ADDIS ABABA — The 2019 Nobel Peace Prize has been awarded to the Ethiopian Prime Minister, Abiy Ahmed, who helped end his country’s 20-year war with bitter foe Eritrea.
He was awarded the prize for his efforts to “achieve peace and international cooperation”.
Announcing the prize in Oslo, the Norwegian Nobel Committee said Abiy’s “efforts deserve recognition and need encouragement.”
The conflict between Ethiopia and Eritrea over disputed border territory came at a huge financial and humanitarian cost for both countries.
Abiy, 43, also recently won plaudits for his role in helping to broker a power-sharing deal in neighboring Sudan after a political crisis that led to the arrest of Omar al-Bashir, the country’s ruler for almost three decades.
Berit Reiss-Andersen, the chair of the Norwegian Nobel Committee, said Abiy — who has received both praise and criticism for his reforms in Ethiopia — has not been recognized too soon, but acknowledged that progress still needs to be made in the country, according to CNN.

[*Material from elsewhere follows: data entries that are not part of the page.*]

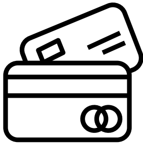
Automated Payment processing for different stakeholders in the scheme
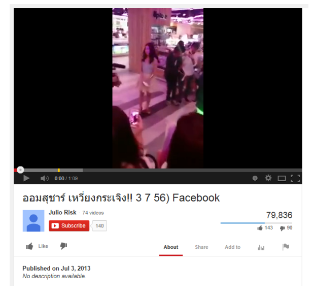
Fig. 2Views and likes information for set up candid clip no.1 of Snickers Chocolate in www.youtube.com [7]

According to Youtube.com statistic [7], there're 79,836 views for this clip, which 143 people pressed "like" for this clip and 90 people pressed "unlike" for this clip (checked on 12 June, 2014)
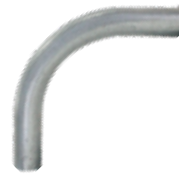
EMT Elbow 1/2"-2"
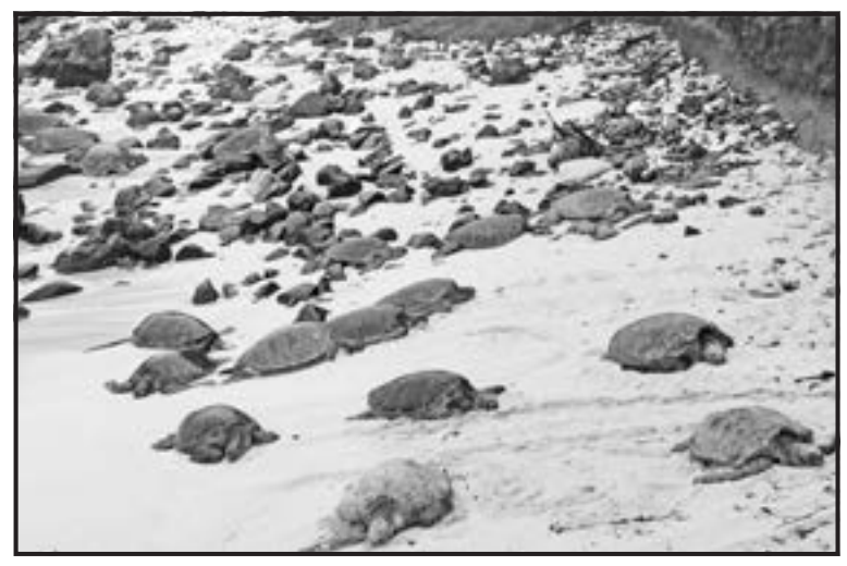
Green Sea turtle

It may not have been the most majestic sight I saw in Hawaii or the most picturesque, but the perseverance and unflinching courage of the green sea turtles flapping their flippers on the shore of Ho'okipa Beach to lay their eggs is surely among the greatest testaments to the resiliency of life in Maui. The turtles don't even make it look easy. They lay on the sand protecting their soon to be hatchlings, patiently awaiting the day the new generation of green sea turtles will accompany them back into the ocean. Before that day comes the parents put on a truly inspiring show of making their way back. Revolving their flippers they wade the rocky sand, slowly inching their way
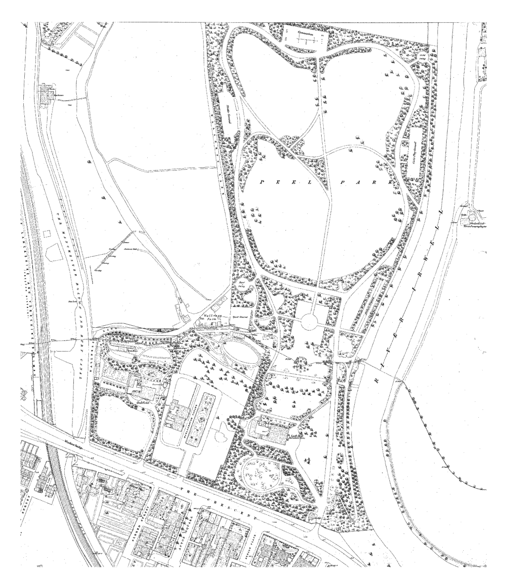
Figure 2. Plan of Peel Park.
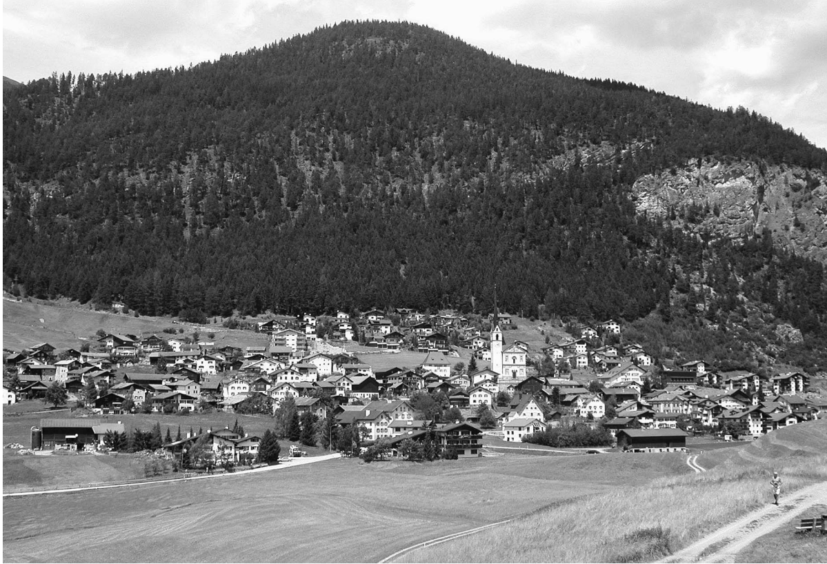
FIGURE 1 The village of Alvaneu, Canton of Grisons, Switzerland.

These studies elucidate that for tourists, visited places can be as deeply meaningful as for locals, notably as symbols of important experiences or because of the places' restorative value. But empirical studies focus mostly on defining the constituents of sense of place, or on the strength of place relations. Stedman's (2003) quantitative study in northern Wisconsin demonstrates that sense of place is not just based on social constructions, but also on some material reality, ie on concrete landscape characteristics. Hay (1998) found in a survey study on Banks Peninsula, New Zealand, that the sense of place of local Maori people is deeply rooted, whereas the sense of place of tourists is rather superficial, due to different residential status and thus different ancestral and cultural connections. Still, no studies have examined the contents and conditions of sense of place, particularly with regard to group differences. Empirical knowledge of differences in sense of place between the 2 main interest groups with respect to Alpine landscape development, locals and tourists, is especially poor.
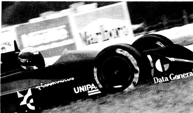
Data General/Team Tyrrell visits Detroit this weekend.

Data General and Team Tyrrell are once again combining computer technology and Formula 1 racing as the team visits North America for a pair of Grand Prix races this month. Last Sunday, driver Jonathan Palmer guided his car to a sixth place finish in Montreal. In two of his last three races, Jonathan's finishes were good enough to earn him points towards the world Grand Prix championships. The team travels to Detroit for that city's Grand Prix to be held on Sunday. Data General has been a sponsor and working partner with the Tyrrell Racing Organization since 1986.
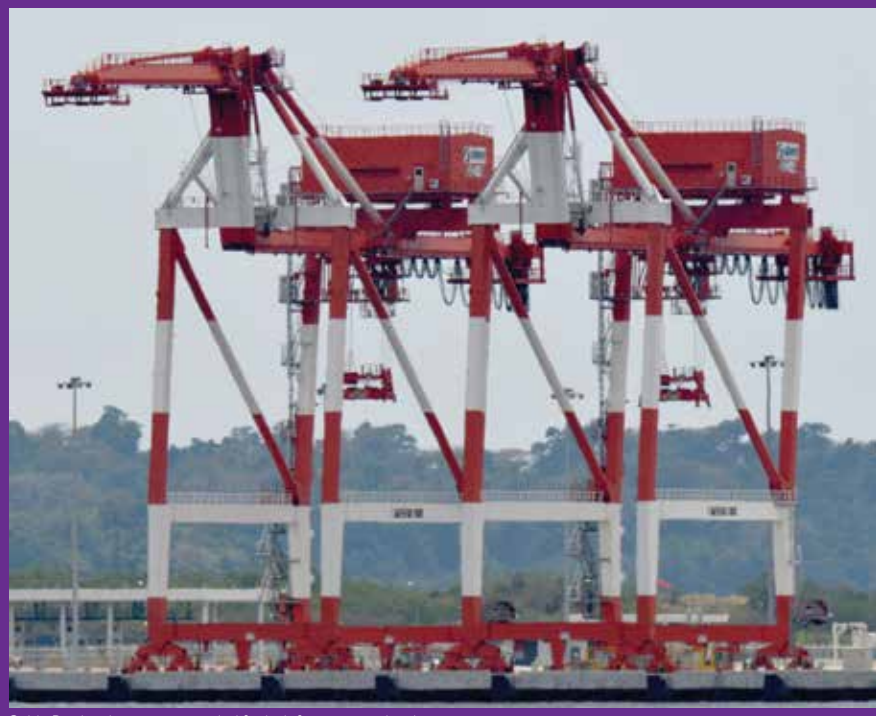
Subic Bay has been commended for its infrastructure developments

The Ethiopian Prime Minister, the 2019 Nobel peace Prize laureate, is receiving praise from leaders around the world.
Antonio Guterres, the UN General Secretary, said his leadership has set a “wonderful example” for the international community.
Congratulations to Prime Minister @AbiyAhmedAli of Ethiopia for being awarded the Nobel Peace Prize.
— António Guterres (@antonioguterres) October 11, 2019
David Sassoli, the new president of the European Parliament, also praised the Ethiopian PM for giving “many citizens hope for a better life” and “promoting fundamental values of democracy and peace”.
Congratulations to Ethiopian Prime Minister Abiy Ahmed Ali. His work and determination to end the conflict with Eritrea is immense. He initiated reforms that give many citizens hope for a better life, promoting fundamental values of democracy and peace. #NobelPeacePrize https://t.co/URVPDH69Qu
— David Sassoli (@EP_President) October 11, 2019
After becoming prime minister in April 2018, Mr Abiy introduced massive liberalising reforms to Ethiopia, shaking up what was a tightly controlled nation.
He freed thousands of opposition activists from jail and allowed exiled dissidents to return home. Under him, several women have also been appointed to prominent positions.
Most importantly, he signed the peace deal with Eritrea.
According to reports a total of 301 candidates had been nominated for the prestigious award, including 223 individuals and 78 organisations.